Henk Potts, of Barclays Stockbrokers, said: "Central bankers have to be aggressive to combat inflation but the uncertainty is how aggressive they'll be. The big number is the US inflation figure. If there is a big rise, then we'll see further downward pressure in the short term as investors try to work out what that means for US rates and global growth."

Miners were again in the spotlight as metals prices, which had led the way when markets were rising, continued to lose ground. Copper fell to a seven-week low and gold fell almost $40. Kazakhmys led the FTSE 100 fallers, down 72.5p to 948.5p while the copper miner Antofagasta was 103p lower at £18.08 and BHP Billiton dropped 45.5p to 910p.

A trading statement from Royal Bank of Scotland did little for the shares, down 52p to £17.20. Alliance & Leicester meanwhile fell 64p to £10.90 as Crédit Agricole, tipped as a bidder for the bank, launched a bid for the Greek bank Emporiki. Investors initially thought this put the French group out of the running for A&L, although later in the day it said it was still assessing the British bank.

Merrill Lynch downgraded its profit estimates for A&L after the bank's update on Monday, but stuck to a £11.71 price target, including a takeover premium. Fellow broker Dresdner Kleinwort Wasserstein raised its rating from reduce to hold.

Brewer SAB Miller lost 30p to 921p despite an upbeat assessment from Merrill Lynch. The broker said SAB's 20% decline since April was an over-reaction, and it put a price target of £11.60 on the shares.

Boots added 1.5p to 729p as JP Morgan raised its price target from 800p to 850p and said it was increasingly confident that its forecast of £140m in cost savings from the merger with drugs wholesaler Alliance Unichem was conservative.
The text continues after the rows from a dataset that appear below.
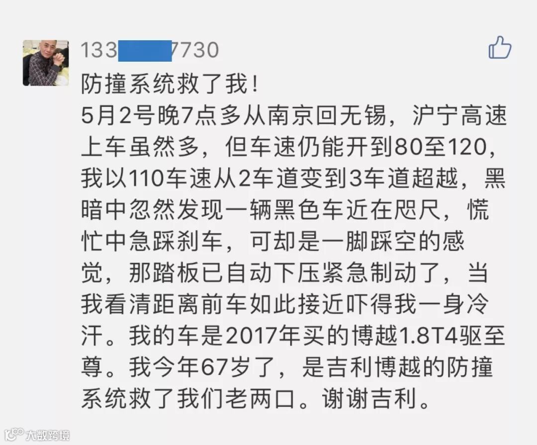 五月4号晚十二点零五分左右,我们在微信公众平台收到尾号为7730的博越车主留言,小吉看完那是胆战心惊却又倍感安慰,车主分享到: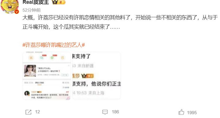 好多网友看了她这句话之后,第一响应是她又在搞概括,但她随后却在批驳区里径直挑明,我方要爆的是许凯嘴其他艺东说念主的料。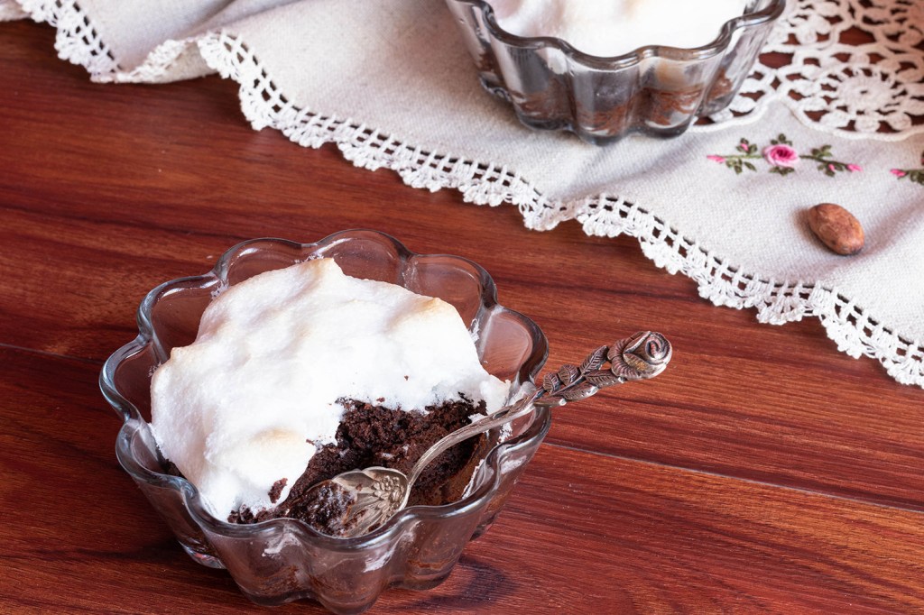 Извадете кексчетата от фурната и с лъжица разпределете глазурата по повърхността им, като оставите около половин см по края. Глазурата ще се разлее малко и ще покрие почти цялата площ, но така няма да залепне за формите. Ако искате може да оформите връхчета с помощта на лъжицата. Може също и да ползвате пош за да екструдирате глазурата под формата на спирала или като целувки. Върнете във фурната и печете още 15 – 20 минути (докато връхчетата покафевеят лекичко).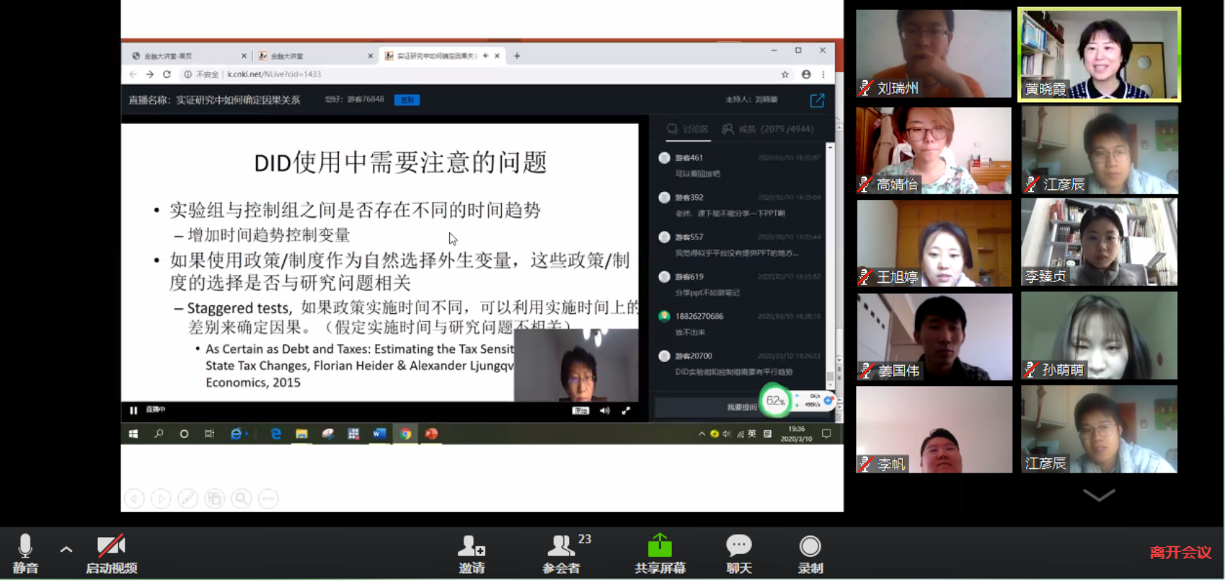 借助于在线视频通讯软件,91麻豆教师指导学生的各类例会和研讨活动未受影响,依然有序进行。例如,金融工程系黄晓霞教授通用会畅通讯软件,每周组织一场科研例会,平均每场参与人数在20人以上,学生分布于黑龙江、河南、山西和北京等地。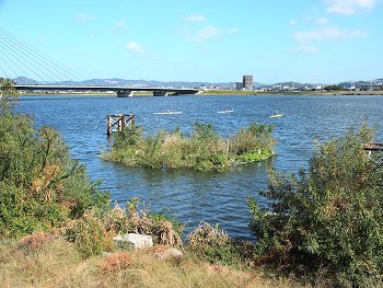 芦田川大橋下から上流方向に眼を向けますと、河川敷には多数の車が駐車、そしてテントも張られておりました(^.-)☆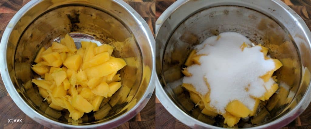 - I had about 1.5 cups of mango and used half of its measure for sugar. But adjust the sugar as per the mango sweetness.

Seymour Pierce was less positive after a meeting with the company, saying the share price was at the top of its range and expressing concern about the longer-term impact of cut-price supermarket drug sales.

The jeweller Signet fell 3.75p to 95p as the market reacted to Monday's after-hours announcement that merger talks with its US rival Zale Corp had been called off. But broker Seymour Pierce confirmed its outperform rating on the shares, saying this was always based on fundamentals rather than bid speculation. It said any weakness in the price was an opportunity to pick up stock.
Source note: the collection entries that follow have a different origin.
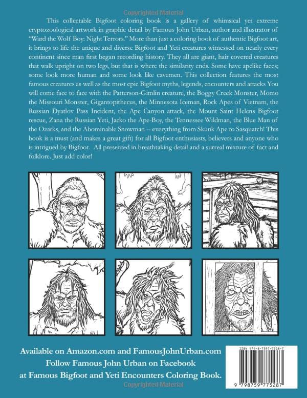 Эта коллекционная раскраска с изображением Бигфута представляет собой галерею причудливых, но в то же время экстремальных криптозоологических иллюстраций, выполненных в графической детализации известным Джоном Урбаном, автором и иллюстратором книги «Уорд, мальчик-волк: Ночные кошмары». Это не просто раскраска с подлинными изображениями Бигфута, она оживляет уникальных и разнообразных существ Бигфута и Йети, которых наблюдали почти на каждом континенте с тех пор, как человек начал вести летопись. Все они - гигантские, покрытые шерстью существа, которые ходят прямо на двух ногах, но на этом сходство заканчивается. У некоторых обезьяноподобные лица; некоторые выглядят более человечно, а некоторые - как пещерные люди. В этой коллекции собраны самые известные существа, а также самые эпические мифы, легенды, встречи и нападения Бигфута. Вы встретитесь лицом к лицу с существом Паттерсона-Гимлина, монстром из Богги-Крик, Момо, монстром из Миссури, гигантопитеком, ледяным человеком из Миннесоты, скальными обезьянами Вьетнама, инцидентом на перевале Дятлова, нападением в Обезьяньем каньоне, спасением Бигфута на горе Сент-Хеленс, Заной, русским йети, Джеко, мальчиком-обезьяной, дикарем из Теннесси, Синим человеком из Озарков и снежным человеком - со всем, от Скунсовой обезьяны до Сасквоча! Эта книга обязательна к прочтению (и станет отличным подарком) для всех энтузиастов Бигфута, верующих и всех, кто заинтригован Бигфутом. Все представлено в захватывающих деталях и сюрреалистической смеси фактов и фольклора. Просто добавьте красок!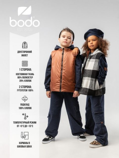 Жилет (Цвет черно-белый (коричневый), Размер 110-116), 14-74U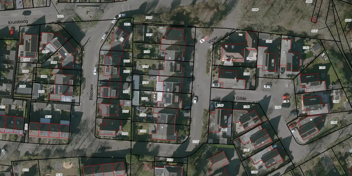 Het perceel waarop Vizier 7 staat heeft een oppervlakte van 307 m². Dit is een groot perceel. De perceeloppervlakte wordt geregistreerd door het Kadaster. Gedetailleerde informatie over de maten van dit perceel kunt u vinden in het rapport Kadastrale kaart met maatvoering van Vizier 7.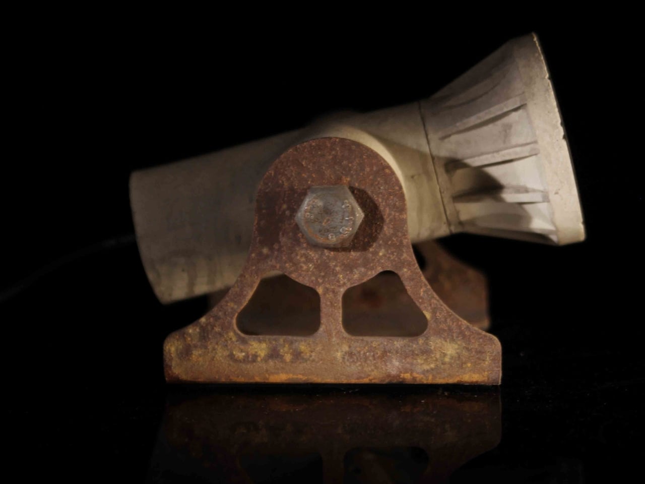 The form itself is immediately recognizable if you grew up around boxy computer monitors or chunky television sets. That characteristic curved screen, the cylindrical body, the industrial mounting stand. But instead of plastic housing and glass tubes, you get solid concrete and raw steel. The materials transform the reference from tech artifact into something closer to sculpture. This isn’t a replica or a throwback design. It’s a contemporary object that happens to speak the formal language of vintage electronics.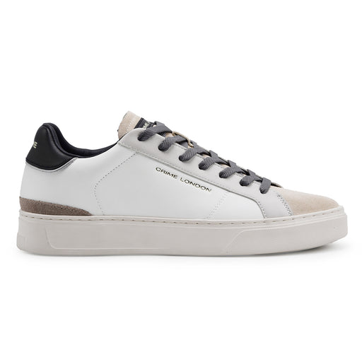 Crime• Sneakers uomo Crime London BLADE RAW SHADE • Tomaia in pelle liscia bianca e inserti in camoscio beige • Dettaglio sul collarino in pelle nera a ...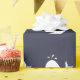 White whale on navy wrapping paper. Matching tags available.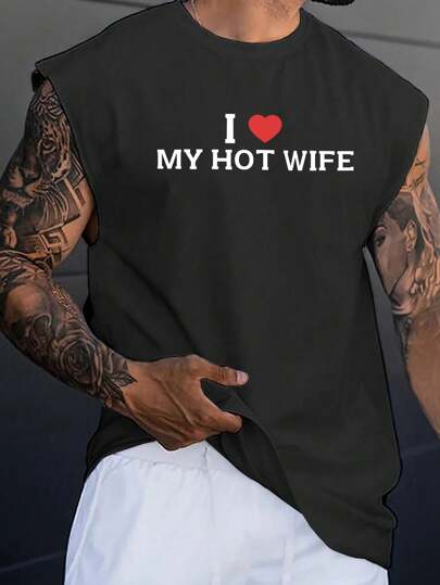 Camiseta de tirantes holgada con estampado de eslogan para hombres de tallas grandes - Negro - Añade 1
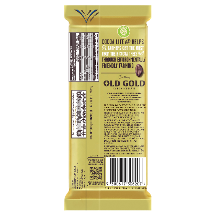 45% Cocoa. Generous chunks of rich Old Gold dark chocolate with ginger biscuit pieces and toffee flavoured pieces. WITH GINGER BISCUIT PIECES ANDTOFFEE FLAVOURED PIECES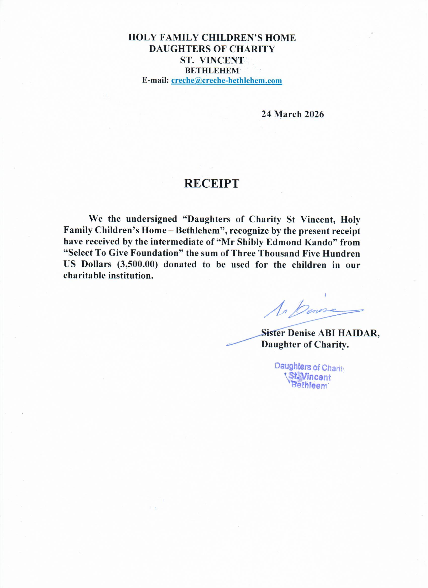 Thanks letter to Select to Give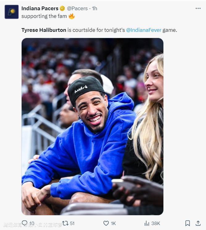 2025-08-27 11:00北京时间8月27日,印第安纳步行者队官方晒出球队核心泰雷斯-哈利伯顿坐在场边观战印第安纳狂热队比赛的图,并写道:支持家庭。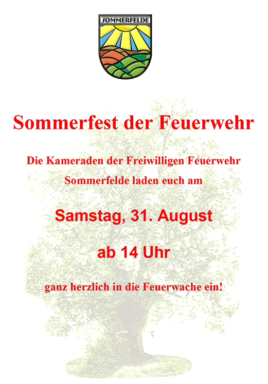 | Einladung zum Sommerfest der FF Sommerfelde Termin: Sa. 11. August 2012 Beginn: ab 15:00 Uhr Die Kameraden laden Sie herzlich ein auf das Gelände der Freiwilligen Feuerwehr in Sommerfelde. Am Nachmittag wird Kaffee und Kuchen gereicht. Die Feuerwehr steht zum Anfassen und ausprobieren bereit. Es wird Ponyreiten und vieles mehr geboten. Für das leibliche Wohl am Abend (geräucherter Fisch, Bratwurst, Bier vom Fass...) beim gemütlichen Zusammensein, mit musikalischer Umrahmung, ist gesorgt. Die Organisatoren |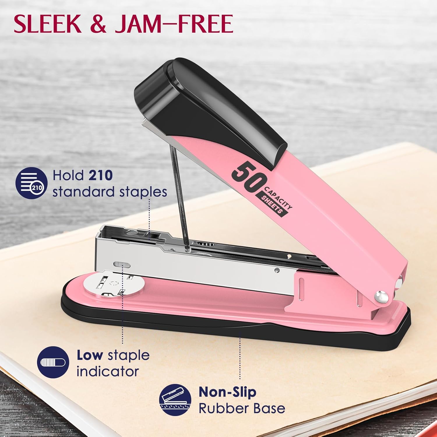 - 【Staplers for Desk】: Our stapler can hold a full strip of 210 standard staples. Non-slip rubber base keeps stapler securely in place while using. The low-staple indicator helps you know the time to refill.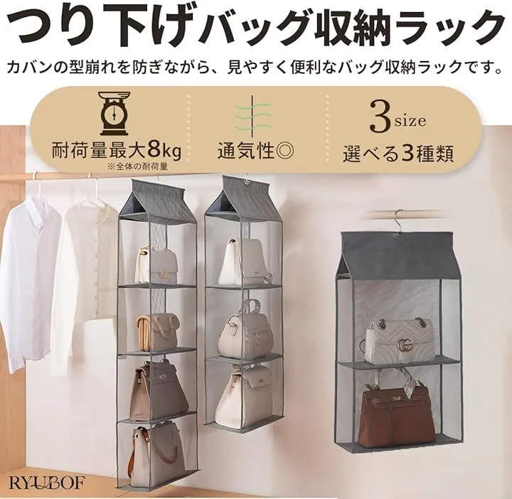 「選べるサイズ&しっかり収納」 吊り下げ式バッグ収納は、2段・3段・4段の3タイプ展開。

There were a few positive signs around. Building materials group Wolseley was the biggest riser, up 11p to £11.29 after Deutsche Bank put a £15.30 target on the shares. A Barclays upgrade on AstraZeneca had a similar effect on the drugs giant, up 17p to £29.42.

Takeover situations also provided a little support, with the airport operator BAA ahead 1p to 929p and Cambridge Antibody, the drug firm that is the subject of a recommended cash bid from AstraZeneca, also rising 1p to £13.07½.
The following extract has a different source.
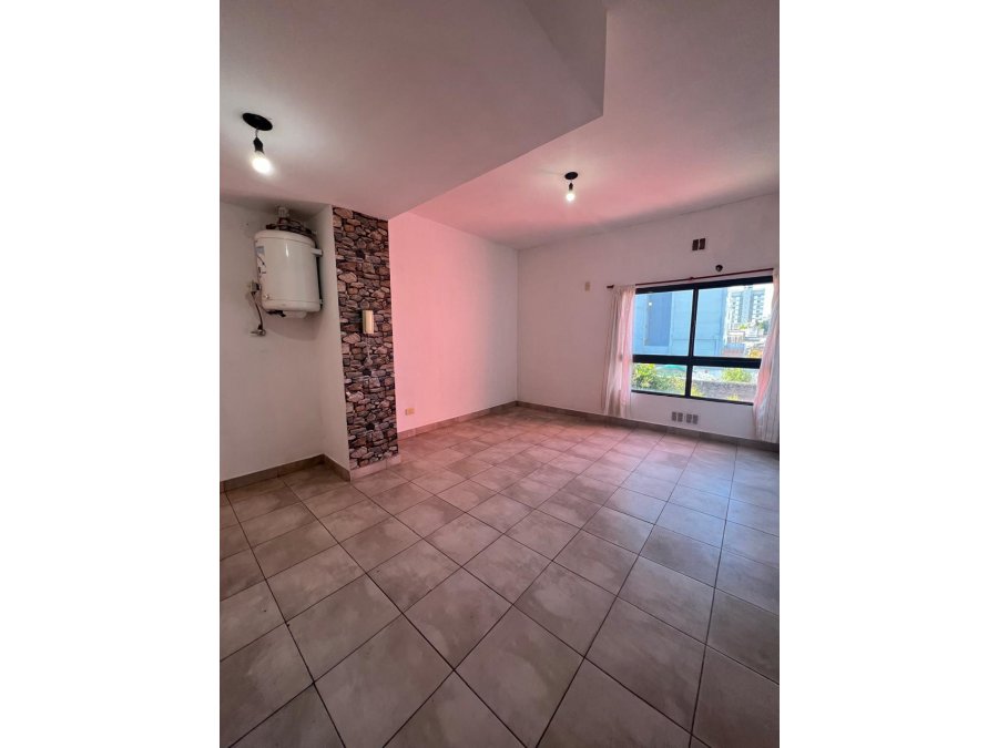 El departamento se encuentra en un segundo piso al contrafrente, lo que garantiza tranquilidad. Cuenta con un ambiente único que incluye termotanque, artefacto de cocina y purificador de aire, además de espacio para lavarropas y heladera. El baño es completo.

Property group Savills was the biggest riser in the FTSE 250, up 10p to 537.5p after it bought Irish business Hamilton Osborne King.

Among smaller companies, education group Nord Anglia fell 4p to 138p despite talk that active investor Bryan Myerson is thought to have been adding to his stake, and now holding around 15%. Software group Macro 4 lost 12.5p to 209p as traders said there was an overhang of stock up for sale, while troubled iSoft dropped another 1.75p to 55.25p on reports rival Cerner could replace it on some key contracts. Lastly, oil exploration tiddler Ithaca Energy added 1.5p to 100p after a positive update.

Alpine Peaks

Ten Alps, the TV production group where Bob Geldof owns 7.1%, brightened up investors' moods with more-than-doubled full-year profits of £2.66m. Not only does the company - whose output includes Teachers TV - seem to be firing on all cylinders, it also unveiled three new developments. It has won two new commissions, from Channel 4 and Animal Planet, and signed a DVD distribution deal with 2 Entertain. Perhaps most significantly it plans to launch public.tv, a portal bringing together its public-sector websites and internet TV operations. House broker Collins Stewart forecasts profits of £2.9m next year rising to £3.9m in 2008, and slapped on a buy rating. But Canaccord Adams told clients to hold the shares, up 1p yesterday to 58.5p.